ASISA category return dispersion report
As the market comes to grips with a “new normal” for volatility levels it is interesting to note the degree to which these volatility levels have changed over the past year. The following report reviews the dispersion of returns (indexed to 100) of various ASISA fund categories as well as the major asset classes available to South African investors.
The returns are analysed using a box and whisker chart with the length of the whisker measuring the return dispersion for the month measured. A green box means that a particular month experienced a positive return whereas a red box means that a particular month experienced a negative return.
Figure 1: ASISA category return dispersion indexed to 100 (1 April 2019 – 31 March 2020)
Figure 2: Asset class return dispersion indexed to 100 (1 April 2019 – 31 March 2020)
Source: Morningstar Index Proxies: SA Equity: FTSE/JSE All Share Index; Commodities: Bloomberg Commodity Index (ZAR); SA Bonds: JSE All Bond Index; SA Property: FTSE/JSE Property Index; Global Equities: MSCI World Index (ZAR); SA Cash: STeFI Call Deposit
The above figures confirm that, apart from South African Cash no other asset class escaped the recent increase in market volatility. Compared to each asset’s historical return series, March 2020 was particularly volatile.
Apart from South African – Multi Asset – Income, all other ASISA categories measured ranged between roughly 10 and 25 points. Compared to each individual asset class, excluding South African Cash, all ranged between roughly 10 and 30 points.
South African Property was a noteworthy exception, ranging almost 40 points. A possible reason for this outlier may be the levered nature of the South African listed property sector. High debt levels may have had investors concerned as the economy entered a shutdown.
Future dispersions will be dependent on two broad factors: restored economic activity and the containment of Covid-19. Unfortunately, the true impact of Covid-19 and its knock-on effects on the global economy will only truly be known after the fact.
Return dispersion and the Global Financial Crisis
Having experienced a noteworthy increase in volatility, it is important to measure the significance thereof by looking back in history. The most recent market crisis that saw a meaningful uptake in volatility was the Global Financial Crisis of 2007-2008.
Figures 3 and 4 compare the largest spread between the highest and lowest point within a given month during the Global Financial Crisis with that experienced during the ongoing Covid-19 pandemic.
Figure 3: ASISA category return dispersion comparison
Figure 4: Asset class return dispersion comparison
From these figures it is clear that the recent volatility is unprecedented. All ASISA Categories measured saw a significant increase in volatility. Apart from commodities and to a lesser extent cash, all major asset classes saw the same uptake in volatility.
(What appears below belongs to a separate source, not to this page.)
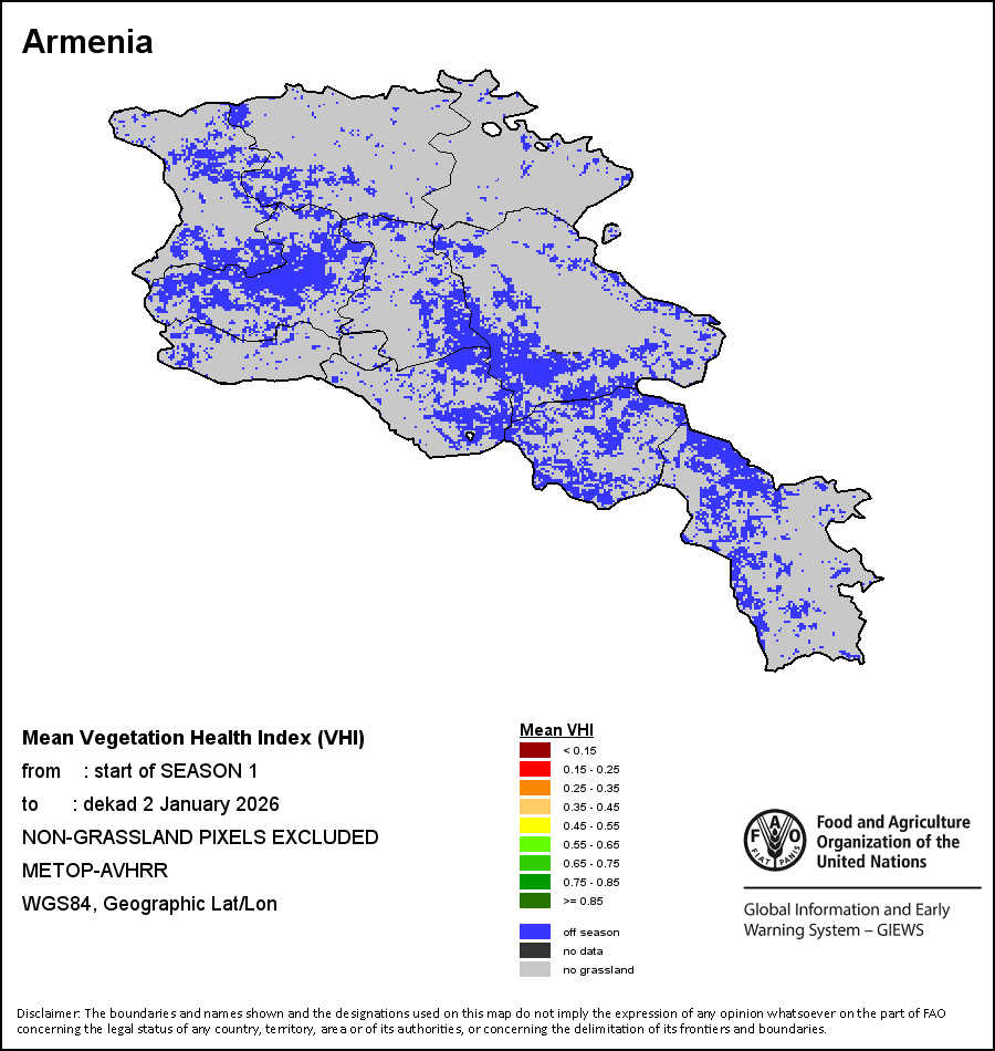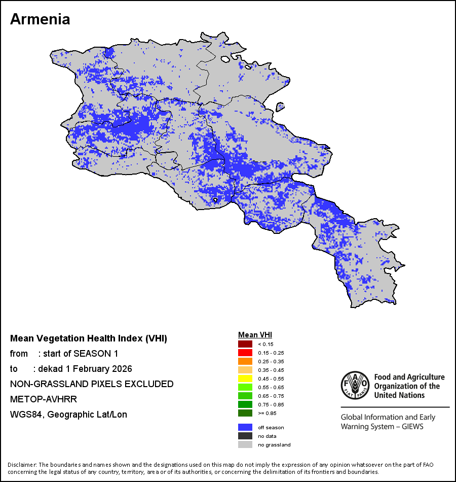 The country level maps and graphs depict the latest 36-month period of the seasonal, vegetation and precipitation indicators. The data is presented by dekad and month. All three vegetation indicators are based on 10-day (dekadal) vegetation data from the METOP-AVHRR sensor at 1 km resolution (2007 and after). Data at 1 km resolution for the period 1984-2006 are derived from the NOAA-AVHRR dataset at 16 km resolution. Precipitation estimates for all African countries (except Cabo Verde and Mauritius) are taken from NOAA/FEWSNet (16 km resolution), while for the remaining countries data is obtained from ECMWF (25 km resolution). Owing to the higher resolution of vegetation indicators (e.g., NDVI, VHI) compared to coarser precipitation indicators, the number of sub-national units for which valid zonal statistics can be generated for vegetation indices is greater than the number of units for precipitation indicators for certain countries.

More importantly, the South African Bonds category, which historically held up in the event of an increase in equity market volatility, also saw a drastic increase of more than 10 points. This is mainly due to the difference in country-specific risks between 2007-2008 and now. Since the global financial crisis, South Africa’s fiscal position has deteriorated rapidly with debt to GDP more than doubling (2008: 27.8%; 2019: 62.2% (Trading Economics)). The additional risk of Covid-19 and its impact on the South African economy, together with a downgrade in credit rating by Moody’s, led to already cautious investors selling off local government debt.